▸ **GOAL OF THE EXERCISE**
In this exercise, the entries below include pictures. Repeat exactly the lines from the line with "In Southeast Asia, Apple" to the line with "Custom vest with", including both, but without the pictures.

--------

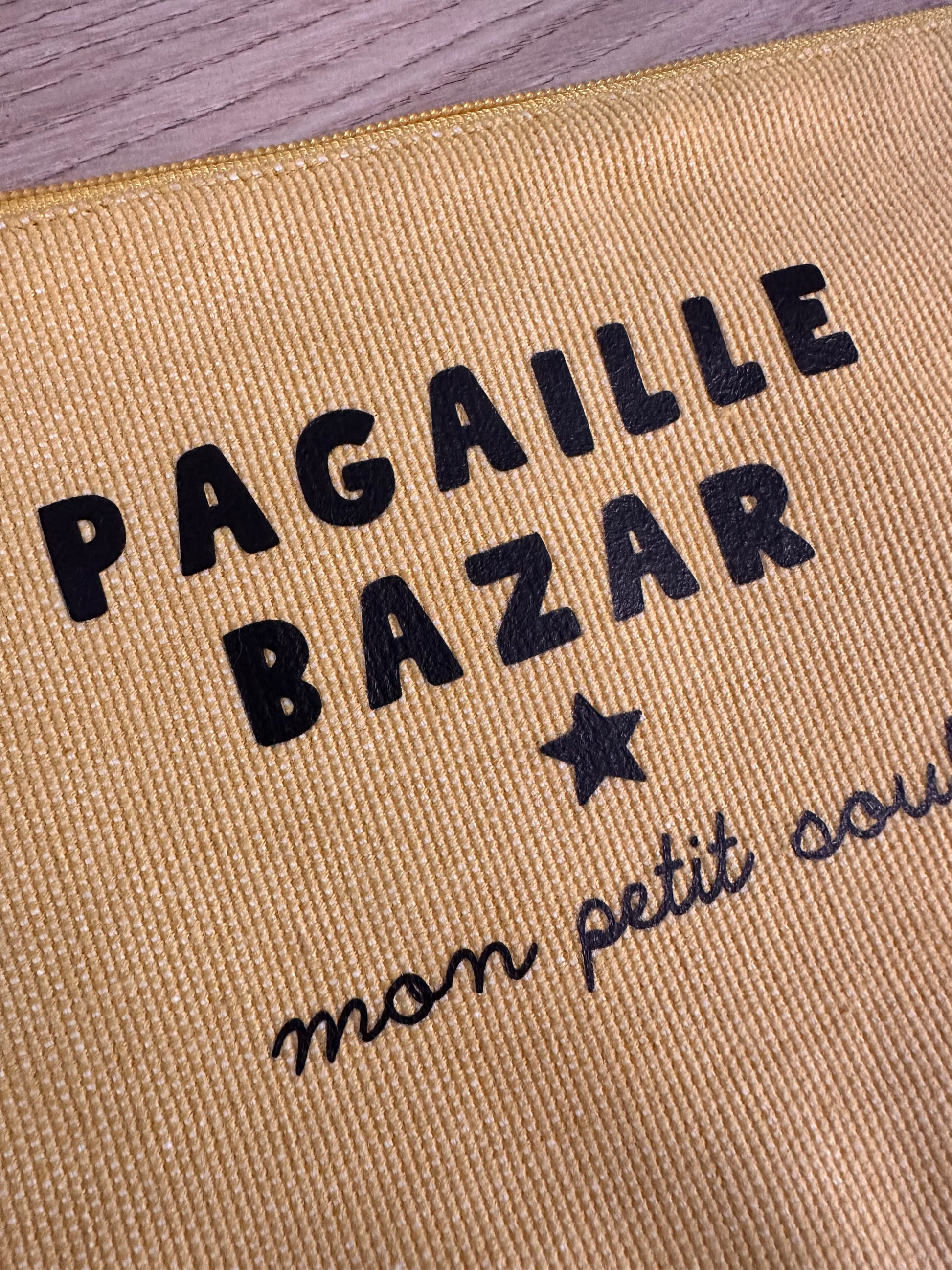 Jolie trousse plate en tissu de la marque Sophie Janière, forme rectangle fermée par zip.
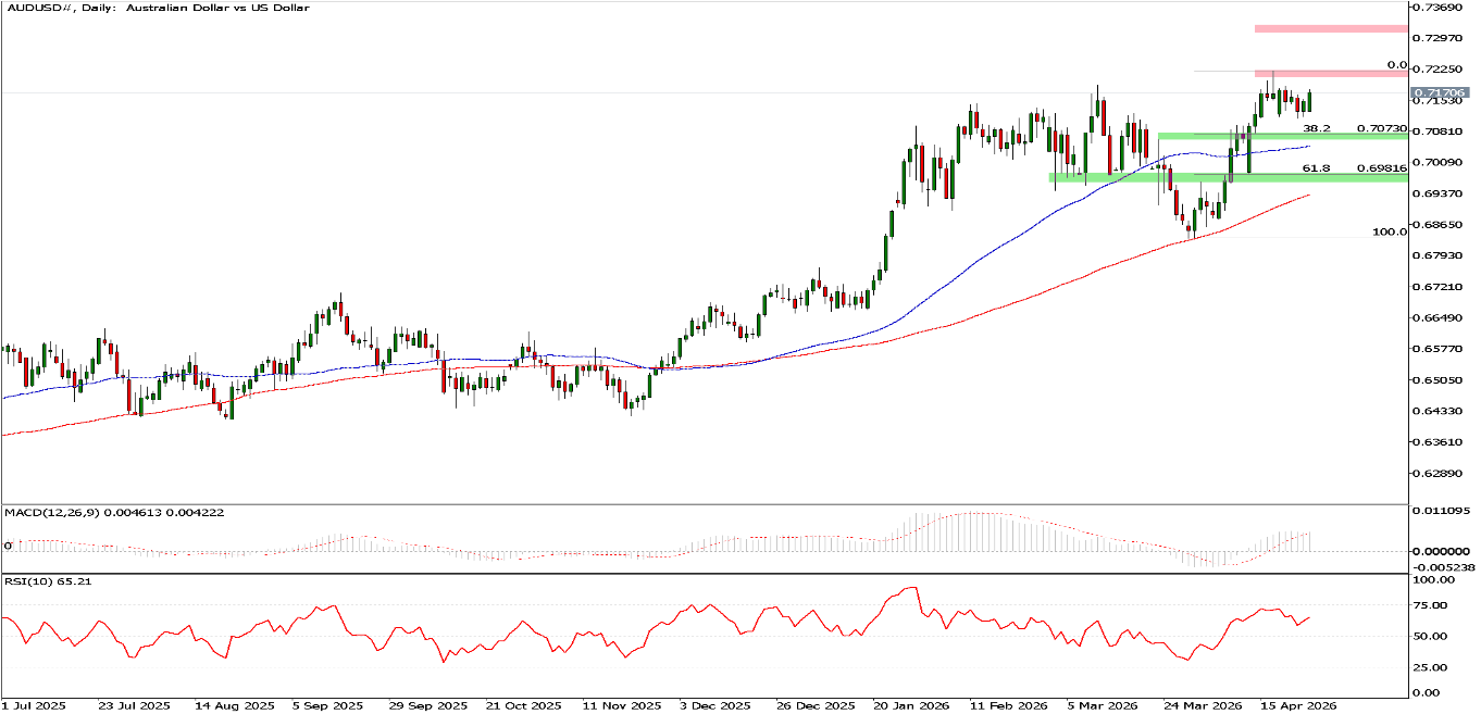 تراجع الدولار الأسترالي أمام نظيره الأمريكي بعض الشيء في الجلسات الأخيرة الماضية، بعد موجة صعود قوية دفعته لأعلى مستوياته في حوالي أربع أعوام. وقد بدأ الزوج يفقد بعضًا من زخمه الصعودي بظل جو من الحذر يغمر الأسواق وسط الغموض الذي يلف تطورات الحرب الأمريكية–الإيرانية وعدم وضوح مسارها في المدى القريب.
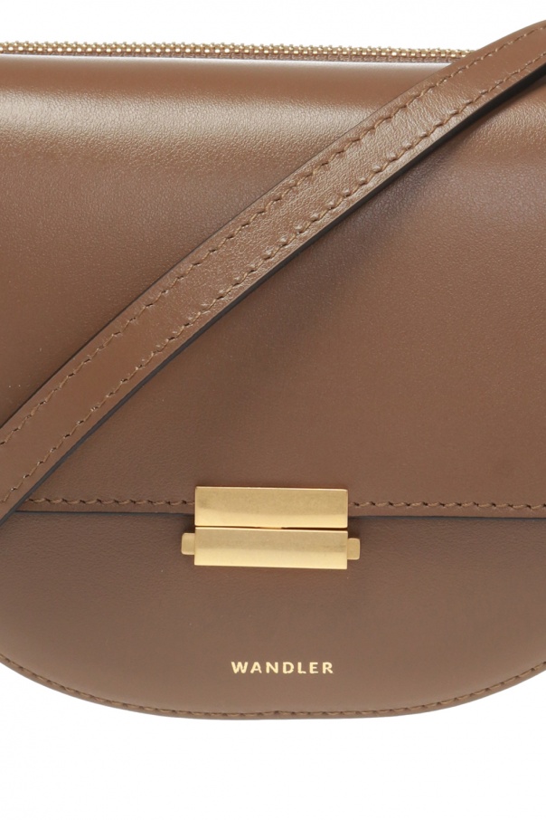 Brown ‘Anna Big’ belt bag from Wandler. Made of calf leather. Metal snap fastening. Front decorated with a gold-tone logo print. Zip pocket at the back. Adjustable shoulder strap. Main internal compartment with a card slot. Gold-tone metal hardware.
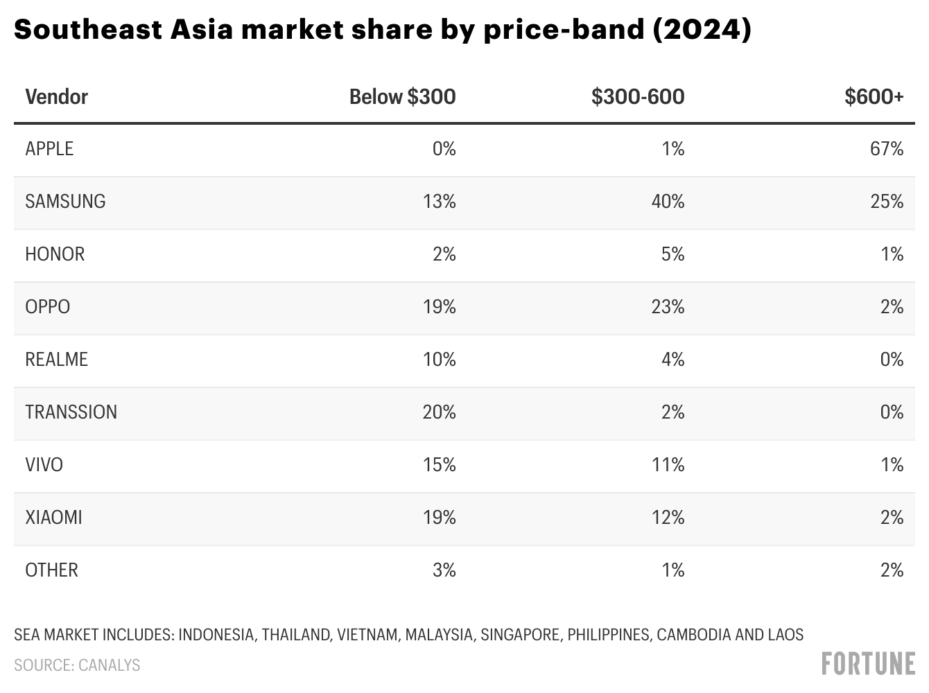 In Southeast Asia, Apple and Samsung together make up more than 90% of the market for smartphones over $600, according to data from market intelligence firm Canalys. Yet “brands like Xiaomi, vivo, Oppo, and Transsion dominate the lower price segments,” Sheng Win Chow, a smartphone analyst at Canalys, says.
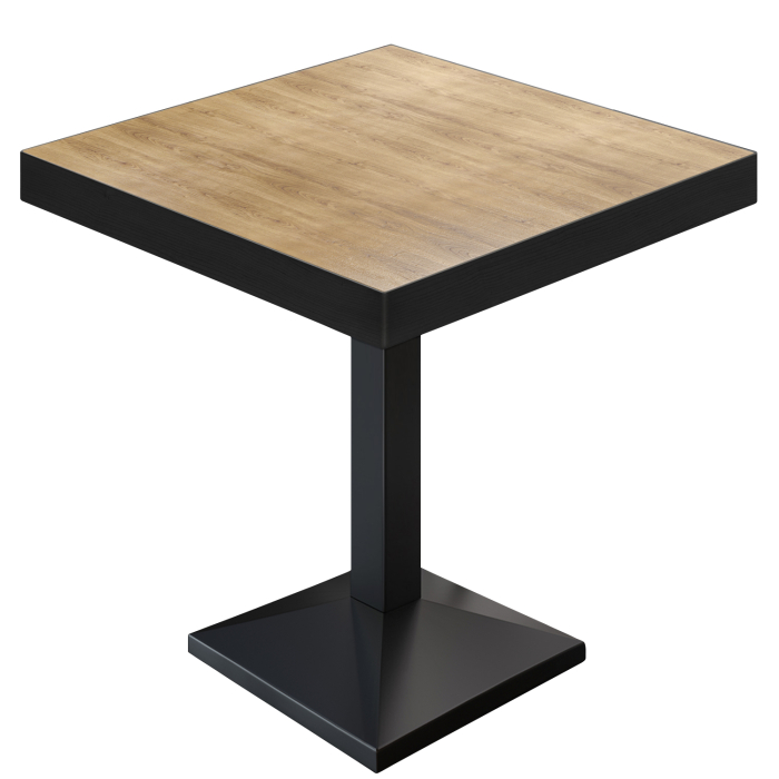BPA | Bistro Tisch | Quadratisch | Schwarzer Rand | 80 x 80 x 81 cm | Eiche / Schwarz
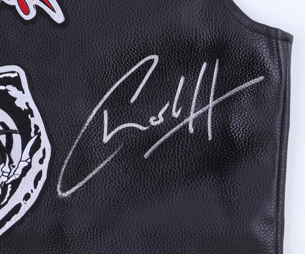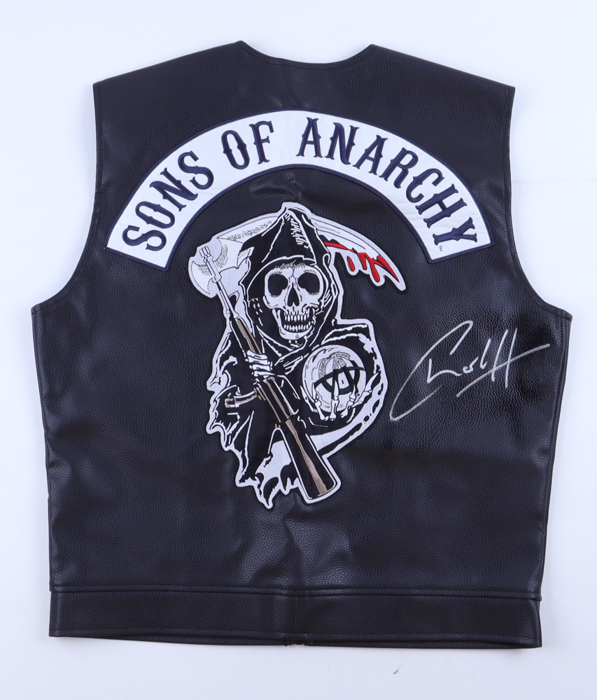 Custom vest with everything sewn on, size L, has been hand-signed by Charlie Hunnam (Jax Teller).
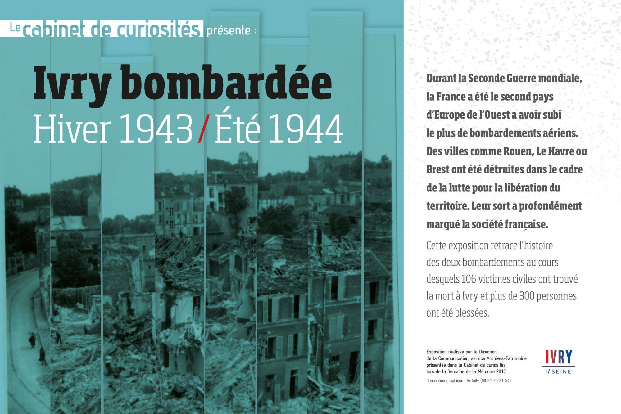 À partir d’archives et de photographies inédites, l’exposition Ivry bombardée : Hiver 1943 / Été 1944, réalisée par le service Archives-Patrimoine avec la collaboration des élèves d’une classe de 3ème du collège Henri Wallon, vous fait découvrir l’histoire de ces évènements aux conséquences humaines et matérielles considérables.

--------

▸ **THE COMPLETED TASK**
 In Southeast Asia, Apple and Samsung together make up more than 90% of the market for smartphones over $600, according to data from market intelligence firm Canalys. Yet “brands like Xiaomi, vivo, Oppo, and Transsion dominate the lower price segments,” Sheng Win Chow, a smartphone analyst at Canalys, says.
BPA | Bistro Tisch | Quadratisch | Schwarzer Rand | 80 x 80 x 81 cm | Eiche / Schwarz
 Custom vest with everything sewn on, size L, has been hand-signed by Charlie Hunnam (Jax Teller).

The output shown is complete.